• [Records provided]:
--

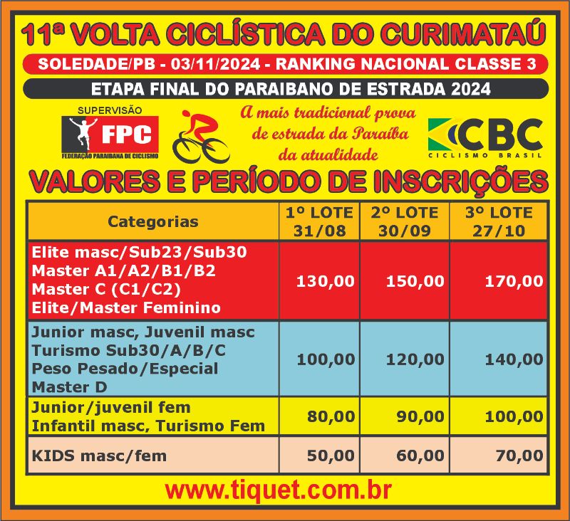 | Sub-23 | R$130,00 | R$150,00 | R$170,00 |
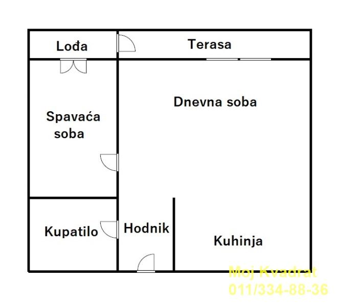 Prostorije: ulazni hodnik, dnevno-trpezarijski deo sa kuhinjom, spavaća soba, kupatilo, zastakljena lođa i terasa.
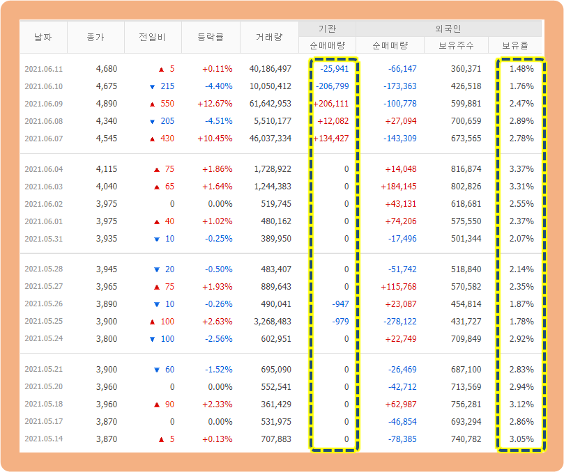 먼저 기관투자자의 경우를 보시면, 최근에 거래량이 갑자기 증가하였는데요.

--

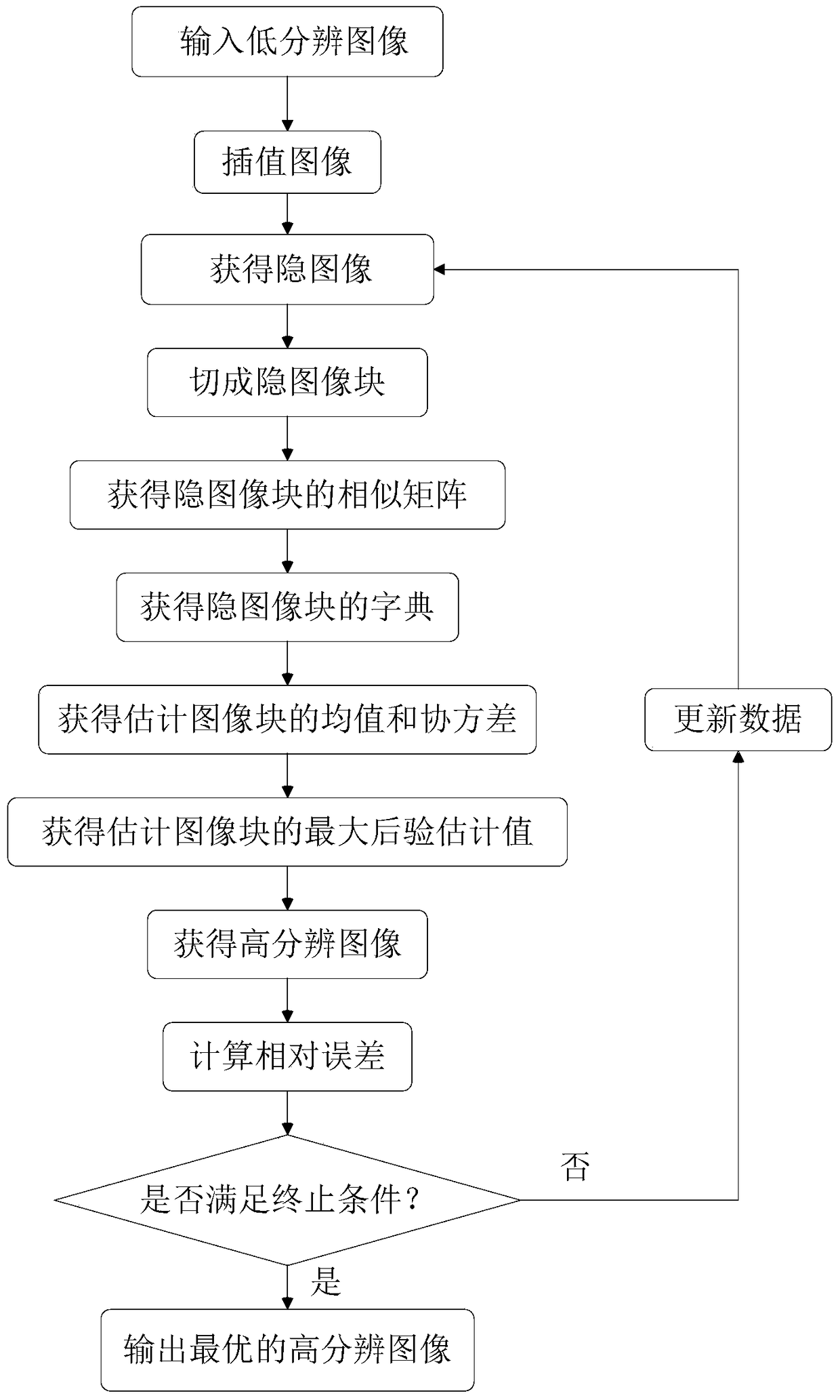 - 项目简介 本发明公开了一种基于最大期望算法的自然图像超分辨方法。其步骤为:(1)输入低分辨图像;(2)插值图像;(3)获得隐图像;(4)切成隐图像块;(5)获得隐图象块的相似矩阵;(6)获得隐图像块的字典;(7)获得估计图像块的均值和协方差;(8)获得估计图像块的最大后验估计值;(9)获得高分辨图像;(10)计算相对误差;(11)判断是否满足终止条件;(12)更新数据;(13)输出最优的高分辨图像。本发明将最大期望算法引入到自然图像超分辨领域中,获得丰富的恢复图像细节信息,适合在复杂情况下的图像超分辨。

--

• [What you are asked to do]: Between and including the line with "Prostorije: ulazni hodnik, dnevno-trpezarijski" and the line with "먼저 기관투자자의 경우를 보시면, 최근에 거래량이 갑자기 증가하였는데요.", repeat every line exactly as it appears above, with pictures left out.

• [Exercise response]:
 Prostorije: ulazni hodnik, dnevno-trpezarijski deo sa kuhinjom, spavaća soba, kupatilo, zastakljena lođa i terasa.
 먼저 기관투자자의 경우를 보시면, 최근에 거래량이 갑자기 증가하였는데요.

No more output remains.